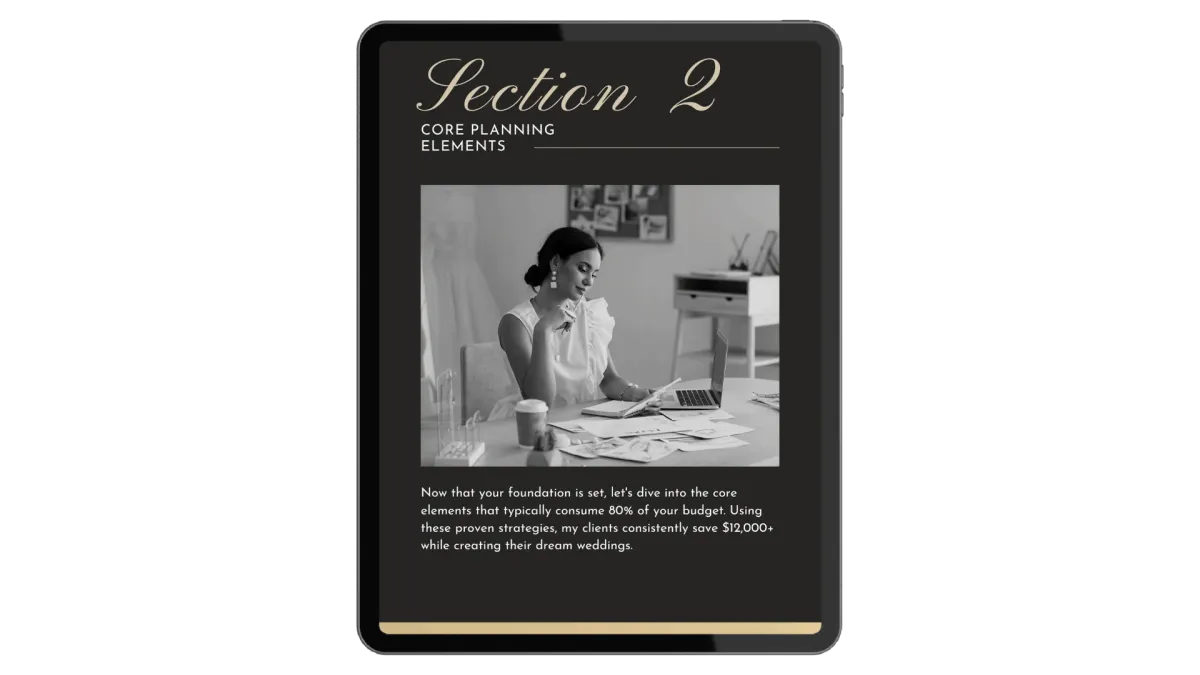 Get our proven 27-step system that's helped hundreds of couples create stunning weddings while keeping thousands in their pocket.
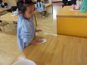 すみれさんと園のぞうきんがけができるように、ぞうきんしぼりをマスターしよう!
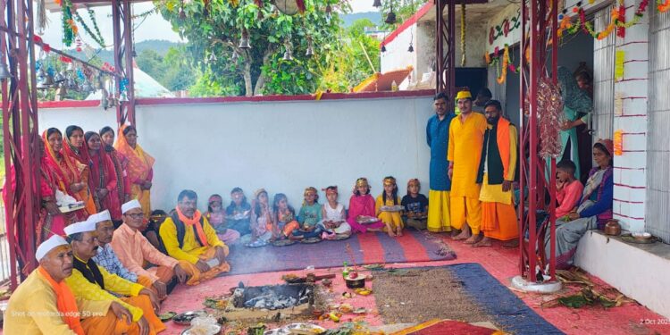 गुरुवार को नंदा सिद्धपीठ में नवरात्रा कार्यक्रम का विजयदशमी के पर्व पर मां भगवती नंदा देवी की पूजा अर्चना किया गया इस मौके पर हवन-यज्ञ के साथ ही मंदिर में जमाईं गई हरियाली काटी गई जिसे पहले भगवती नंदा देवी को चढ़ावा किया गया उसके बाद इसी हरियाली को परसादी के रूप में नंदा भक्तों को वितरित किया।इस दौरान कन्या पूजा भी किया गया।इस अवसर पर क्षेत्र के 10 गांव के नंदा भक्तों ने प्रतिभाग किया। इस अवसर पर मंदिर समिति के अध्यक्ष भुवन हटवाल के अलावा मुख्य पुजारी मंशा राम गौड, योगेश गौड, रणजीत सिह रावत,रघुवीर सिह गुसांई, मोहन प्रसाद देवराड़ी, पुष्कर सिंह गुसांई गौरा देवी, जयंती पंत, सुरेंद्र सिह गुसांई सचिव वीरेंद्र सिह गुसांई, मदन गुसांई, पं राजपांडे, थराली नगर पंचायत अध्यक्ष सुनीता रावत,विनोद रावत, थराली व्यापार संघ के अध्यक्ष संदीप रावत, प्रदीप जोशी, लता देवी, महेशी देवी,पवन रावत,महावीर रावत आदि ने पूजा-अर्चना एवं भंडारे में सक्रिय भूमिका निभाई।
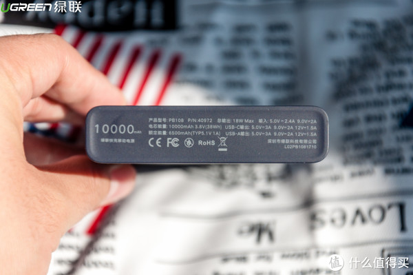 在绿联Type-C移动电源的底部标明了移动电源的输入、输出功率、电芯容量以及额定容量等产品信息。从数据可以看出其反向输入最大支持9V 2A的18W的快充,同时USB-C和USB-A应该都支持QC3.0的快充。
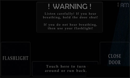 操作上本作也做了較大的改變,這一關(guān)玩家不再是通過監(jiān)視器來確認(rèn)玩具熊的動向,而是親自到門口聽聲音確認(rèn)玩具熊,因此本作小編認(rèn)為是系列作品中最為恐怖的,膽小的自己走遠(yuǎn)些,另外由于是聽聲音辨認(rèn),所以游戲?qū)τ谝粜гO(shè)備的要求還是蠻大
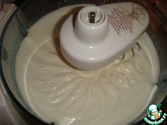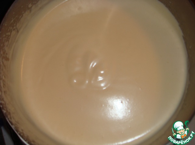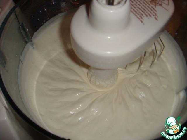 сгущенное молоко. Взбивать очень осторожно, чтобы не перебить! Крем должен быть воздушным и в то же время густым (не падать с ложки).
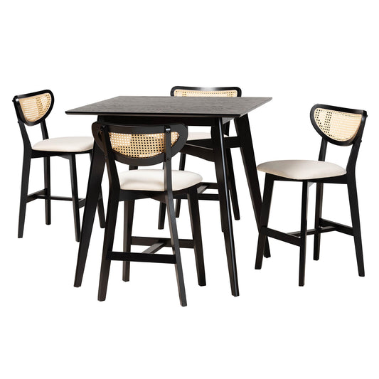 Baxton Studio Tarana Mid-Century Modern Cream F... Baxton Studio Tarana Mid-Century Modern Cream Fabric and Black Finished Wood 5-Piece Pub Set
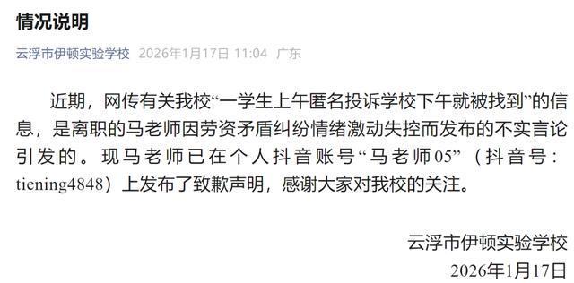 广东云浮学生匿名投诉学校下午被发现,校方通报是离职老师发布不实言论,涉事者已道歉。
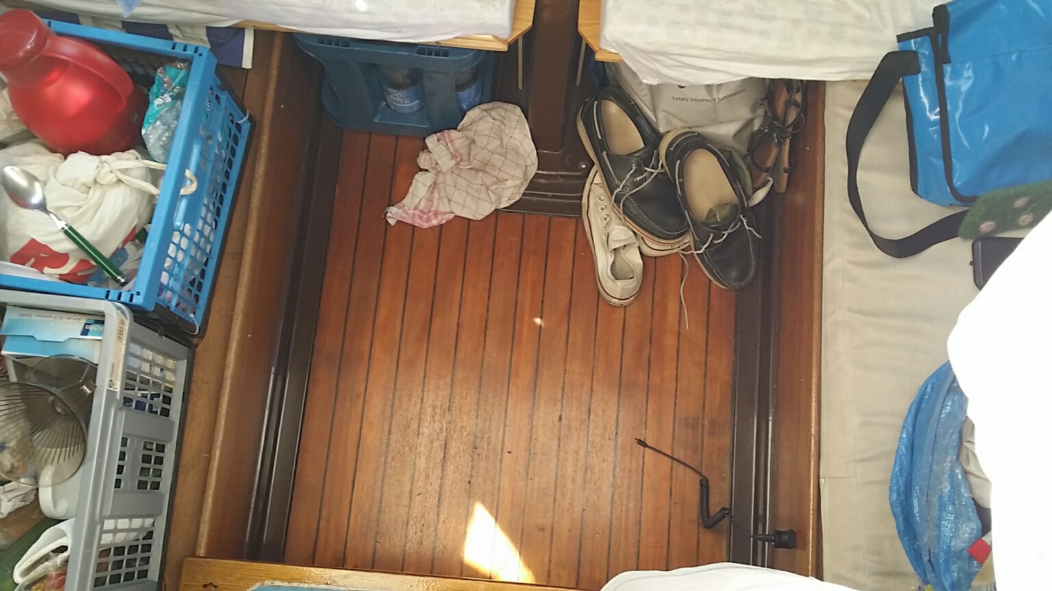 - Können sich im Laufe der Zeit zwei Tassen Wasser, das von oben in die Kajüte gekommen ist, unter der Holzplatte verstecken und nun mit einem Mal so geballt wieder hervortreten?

EXERCISE INSTRUCTIONS -> From the line that contains "Baxton Studio Tarana Mid-Century Modern Cream F..." to the final line of the entries, reproduce every line exactly, both ends included. Leave out all pictures.

RESPONSE BOX ->
 Baxton Studio Tarana Mid-Century Modern Cream F... Baxton Studio Tarana Mid-Century Modern Cream Fabric and Black Finished Wood 5-Piece Pub Set
 广东云浮学生匿名投诉学校下午被发现,校方通报是离职老师发布不实言论,涉事者已道歉。
 - Können sich im Laufe der Zeit zwei Tassen Wasser, das von oben in die Kajüte gekommen ist, unter der Holzplatte verstecken und nun mit einem Mal so geballt wieder hervortreten?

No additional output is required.